→ **Data below**

■ ■ ■ ■

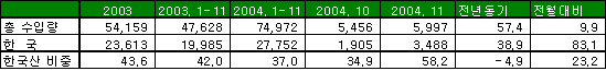 중국의 10월 전체 수입량 가운데 한국산 비중이 34.9%를 기록한데 비해 11월에는 한국산 수입비중이 58.2%에 달해 전체 SBR 수입량이 541톤 증가한 가운데 한국산이 1583톤 증가해 주목되고 있다. 중국의 SBR 수입량은 매년 증가하고 있으며, 2004년 SBR 수입량은 전년대비 57.4% 증가한 7만4972톤을 기록했고 한국산은 2만7752톤으로 전체의 37%를 차지하며 중국의 주 수입국으로 자리잡고 있다. <한유진 기자> 표, 그래프: | SBR 수급동향(2004.11) | 중국의 SBR 수입동향(2004.11) | <화학저널 2005/01/26> |
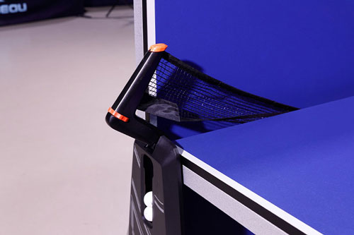 Bodite pozorni na model 500 Indoor. Ko postavite mizo, se mreža samodejno postavi v položaj. S koleščkom na dnu mreže izberite pravo višino za svojo igro. Nato napetost prilagodite tako, da preprosto povlečete vrvico in jo blokirate s sponko. Vaša mreža je popolnoma prilagojena in tako ste pripravljeni na igro.
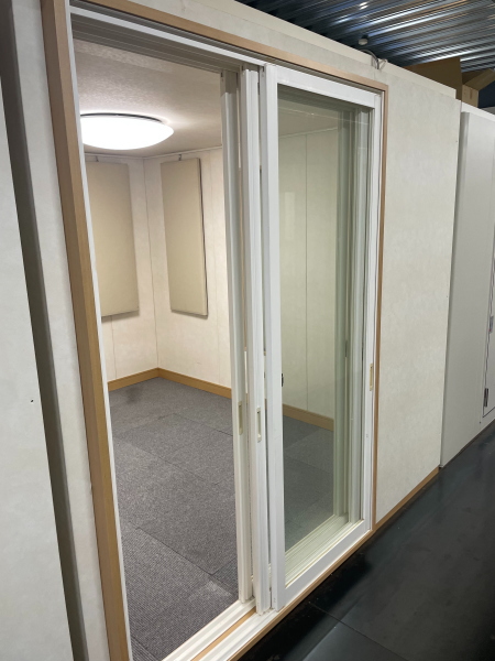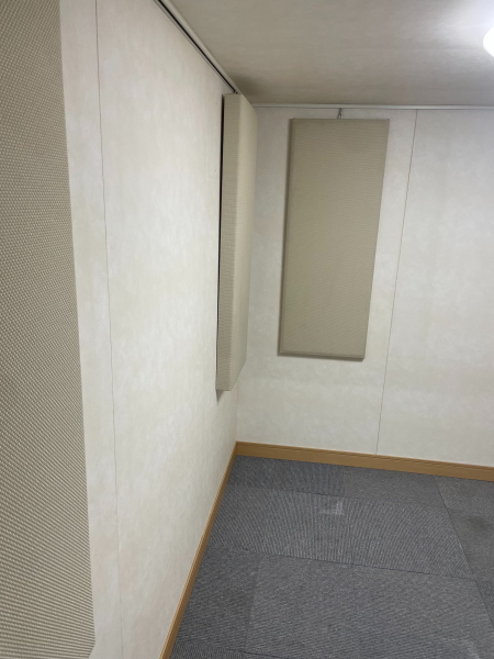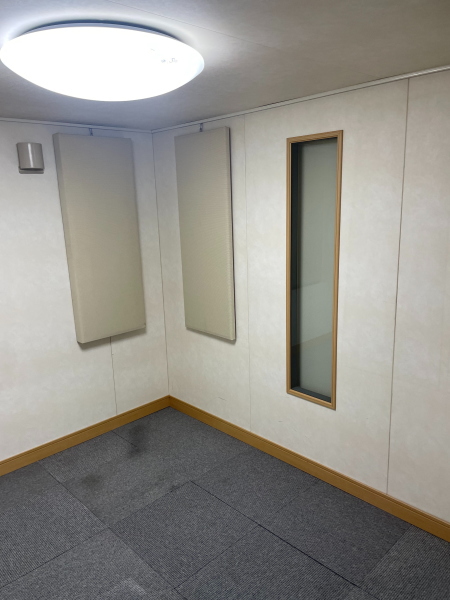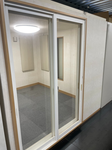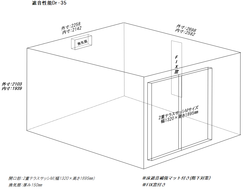 | 仕様 | 床:防振・遮音浮き床、遮音床補強マット2層・カーペット仕上げ 壁:クロス仕上げ・遮音パネル 天井:クロス仕上げ・遮音パネル 開口部:2重テラスMサイズ 装備:照明・換気扇・2口コンセント・吸音パネル・FIX窓 |
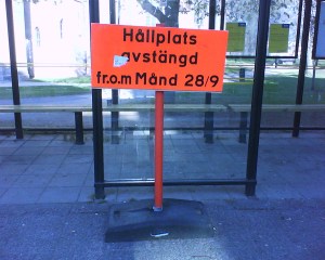 Bra planering i Skövde Publicerad den 04/05/2010 av Kajsa Johansson Var i Skövde igår och gick förbi denna busshållplats. Måste säga att det är bra planering att redan första dagarna i maj skylta om att en busshållplats kommer att vara avstängd från och med 28 september. Dela detta: Klicka för att dela på Facebook (Öppnas i ett nytt fönster) Facebook Klicka för att dela på X (Öppnas i ett nytt fönster) X Gilla Laddar in … Relaterade

■ ■ ■ ■

→ **Work instruction**
The result should be an exact copy of the material, containing no pictures.

→ **Task solution**
 중국의 10월 전체 수입량 가운데 한국산 비중이 34.9%를 기록한데 비해 11월에는 한국산 수입비중이 58.2%에 달해 전체 SBR 수입량이 541톤 증가한 가운데 한국산이 1583톤 증가해 주목되고 있다. 중국의 SBR 수입량은 매년 증가하고 있으며, 2004년 SBR 수입량은 전년대비 57.4% 증가한 7만4972톤을 기록했고 한국산은 2만7752톤으로 전체의 37%를 차지하며 중국의 주 수입국으로 자리잡고 있다. <한유진 기자> 표, 그래프: | SBR 수급동향(2004.11) | 중국의 SBR 수입동향(2004.11) | <화학저널 2005/01/26> |
 Bodite pozorni na model 500 Indoor. Ko postavite mizo, se mreža samodejno postavi v položaj. S koleščkom na dnu mreže izberite pravo višino za svojo igro. Nato napetost prilagodite tako, da preprosto povlečete vrvico in jo blokirate s sponko. Vaša mreža je popolnoma prilagojena in tako ste pripravljeni na igro.
 | 仕様 | 床:防振・遮音浮き床、遮音床補強マット2層・カーペット仕上げ 壁:クロス仕上げ・遮音パネル 天井:クロス仕上げ・遮音パネル 開口部:2重テラスMサイズ 装備:照明・換気扇・2口コンセント・吸音パネル・FIX窓 |
 Bra planering i Skövde Publicerad den 04/05/2010 av Kajsa Johansson Var i Skövde igår och gick förbi denna busshållplats. Måste säga att det är bra planering att redan första dagarna i maj skylta om att en busshållplats kommer att vara avstängd från och med 28 september. Dela detta: Klicka för att dela på Facebook (Öppnas i ett nytt fönster) Facebook Klicka för att dela på X (Öppnas i ett nytt fönster) X Gilla Laddar in … Relaterade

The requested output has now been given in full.